It is presented as a viable commercial product, but it actually is an old SoC with no ecosystem. If anything, it teaches people not to use this type of thing.
The only way it would not be e-waste is if it had a future, and it doesn't and that's why it's bad. At this price point there are so many community and commercial alternatives that do have an ecosystem and support it's just pointless and most likely an attempt to dump overstocked Rockchip parts. Even an ancient i.MX 6 is a better choice.
Dude, Debian 10 goes out of support in a year. Debian 12 already released.
It's 4 years out of date at release, why would you want that for "learning and prototyping", let alone start a OEM device with soon unsupported software versions.
In my opinion the vendor supplied OS distros are to be taken as just a starting point, nothing to rely on more than the time needed for the port of one of the well established distros (Armbian, DietPI, stock, etc) to appear for a given board, which often happens quite fast when driver blobs and lack of documentation don't get in the way (the RK3308 used here is well supported along the WiFi chip). My usual approach when looking for a board is to check first if there's some support from the above distros, or wait.
It may seem odd, but it's just the same reasoning we're used to in the PC world translated to the embedded world: whoever would expect Gigabyte, Asus, etc. to create and supply the Linux distribution that runs on their PC mainboard?

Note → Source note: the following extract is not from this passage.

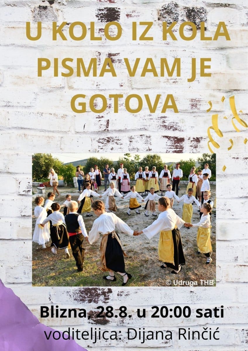Folklorna radionica "U kolo iz kola, pisma vam je gotova" počinje u 20:00 sati. Mališani će naučiti igrati tradicionalno biračko kolo.

If you want to play with it for a while then put it away forever, go ahead and do it; but if you want to build something long-term, better find a different board.

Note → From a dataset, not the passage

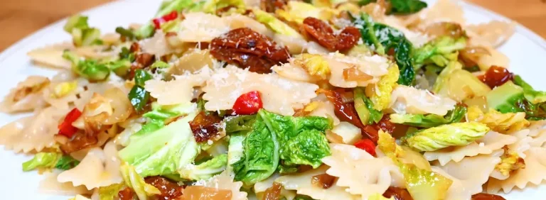 Dicke Pasta kochen. Zwiebeln, Knoblauch, Peperoni, kleingeschnittenen Wirsing und getrocknete Tomaten braten. Zu den Nudeln geben, mit Parmesan servieren.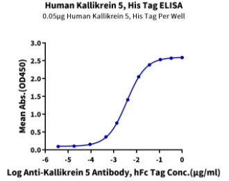 | Bio-activity : | Immobilized Human Kallikrein 5, His Tag at 0.5μg/ml (100μl/Well) on the plate. Dose response curve for Anti-Kallikrein 5 Antibody, hFc Tag with the EC50 of 3.7ng/ml determined by ELISA. |

I think it depends on what you want to do with it.
If you're building something that won't access the network, or will be isolated to the LAN, then it's fine.
Not everything needs or wants to be connected to the internet.
depends on whether you care about vulnerabilities or not, I suppose. Presumably that lighting controller talks to something. If it talks to a local network only and it's impossible for external traffic to reach it, maybe not such a big deal. If that's not true it might be significant. That's also true of all IoT junk anyhow, it's all running some linux variant under the hood and security / updating is rarely a major concern.
This is actually one of the reasons I like bluetooth/zigbee/z-wave/IR/etc. so much - it puts a significant barrier to attacking devices even if they don't get patches. Of course, you still should pay attention to security and update them if possible because local and/or proxied attacks are still a thing, but it's much less likely to get hit.
Slightly unrelated, but I wonder what is a preferred OS for similar boards: a buildroot or yocto -based system vs a full-blown Debian-based distribution with desktop and package managers?
When I looked into (now deprecated) Jetson Nano I was surprised to find out there was no straightforward and documented way to build your own system and cross-compile for it. Is that because for many people using SBCs means doing everything on the target (e.g. compiling software), or am I missing something?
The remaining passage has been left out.